The application came before the Commissioner on Tuesday 5 June 1990 in Launceston. In prefacing his decision the learned Commissioner said:
"Well ordinarily on a s81 application I simply hold there's a genuine dispute and suspend liability but it seems to me that I've gone as far in this case as anyone could go, I mean investigating the circumstances and there's no point in withholding a decision. I've heard from Mr Sheehan I've heard from Mr Sutcliffe I've got a medical report from Dr Bruce and I've got these advisory opinions from Mr Einoder and also the physiotherapist" (Mr McGee) "I'm going to hold that there isn't a genuine dispute having investigated the circumstances I'm not prepared to say that Mr Sutcliffe is not telling me the truth...".
The learned Commissioner went on then to review the evidence that had been placed before him and concluded as follows:
"But nevertheless I'm going to decline to hold there's a genuine dispute which means that in my view the company is liable for the injury in this case even though there's a pre–existing history of ankle injury which may have been even evident on the day he came on the shift. I'm still prepared to hold that exacerbated the condition in the way that he claims at 5 and then didn't think it worth reporting but then when it swelled he'd make a report at 6.20."
The learned Commissioner subsequently, and no doubt mindful of his obligations pursuant to s61(3) of the Act, delivered a statement in writing of his reasons for making the determination which he had on 5 June.
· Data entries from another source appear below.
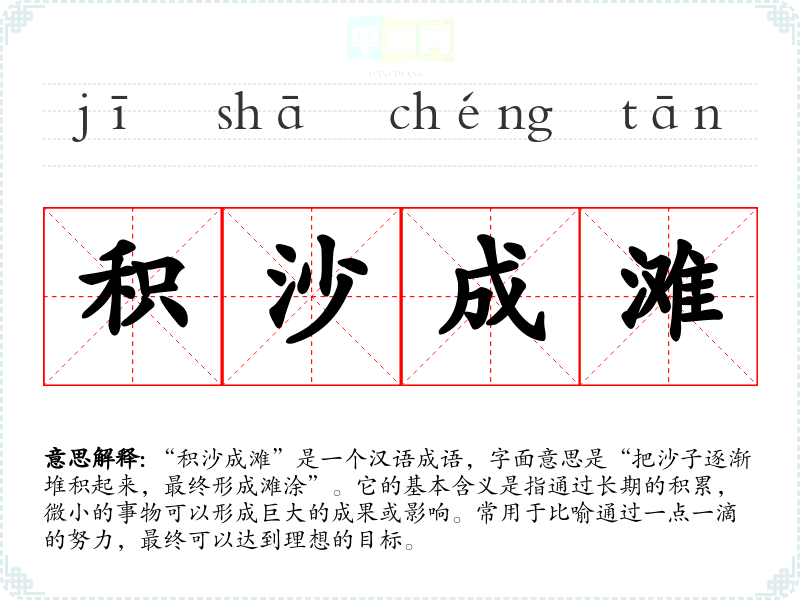 “积沙成滩”是一个汉语成语,字面意思是“把沙子逐渐堆积起来,最终形成滩涂”。它的基本含义是指通过长期的积累,微小的事物可以形成巨大的成果或影响。常用于比喻通过一点一滴的努力,最终可以达到理想的目标。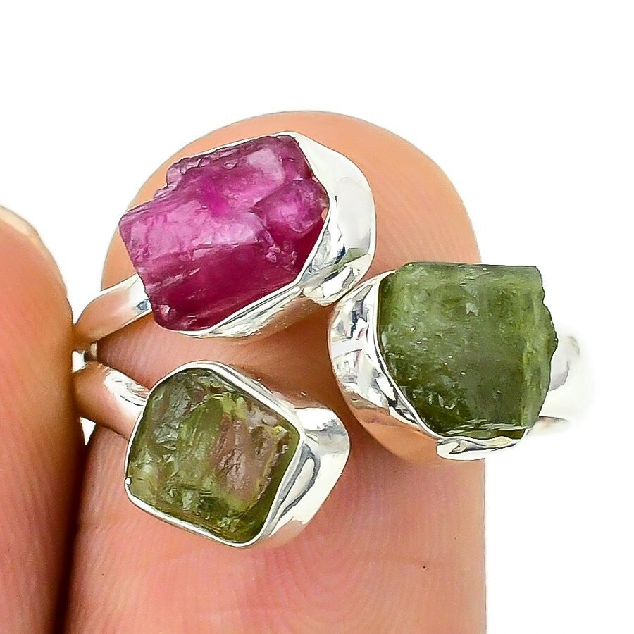 Moldavite Gemstone 925 Solid Silver Handcrafted Statement Boho New Ring Jewelry
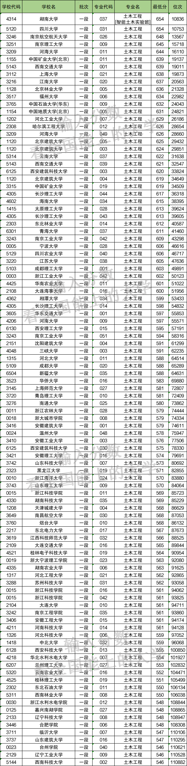 各大学的土木工程专业分数分布在488-654分之间,全省位次175424-10753之间。

Those written reasons do not differ materially from the oral reasons given by the learned Commissioner at the time of announcing his decision. In the written reasons, he clearly acknowledged that the matter came before him under s81 of the Act and after reviewing the evidence he concluded:
"The point in dispute was fully explored at the hearing before me. In my opinion it was quite proper for the employer to dispute the claim. However, having heard all the evidence available, in my opinion I should resolve the dispute in the claimant's favour. The section 81 application is dismissed. The employer is therefore liable to pay compensation."
There was nothing said at the hearing before the learned Commissioner on 5 June 1990 to indicate that either the employer or the employee elected for the merits of the claim to be determined by the Commissioner. Nor was anything said by either party to suggest that no further evidence would be forthcoming if a subsequent hearing on the merits were to take place.
In the circumstances, it is plain to me that the learned Commissioner was wrong in determining that there was no genuine dispute under the provisions of s81 and he was also wrong, and exceeded his jurisdiction, in purporting to resolve the genuine dispute which did exist upon its merits upon the basis of the material then before him. In these circumstances the learned Commissioner clearly erred in point of law and the appeal must be allowed. There is no need to consider the other submissions which were made as to the sufficiency of the evidence upon which the learned Commissioner based his findings of fact. The matter will be remitted to the learned Commissioner with a direction that in accordance with s81(3)(b) of the Act, he should determine that subs(1) does not apply.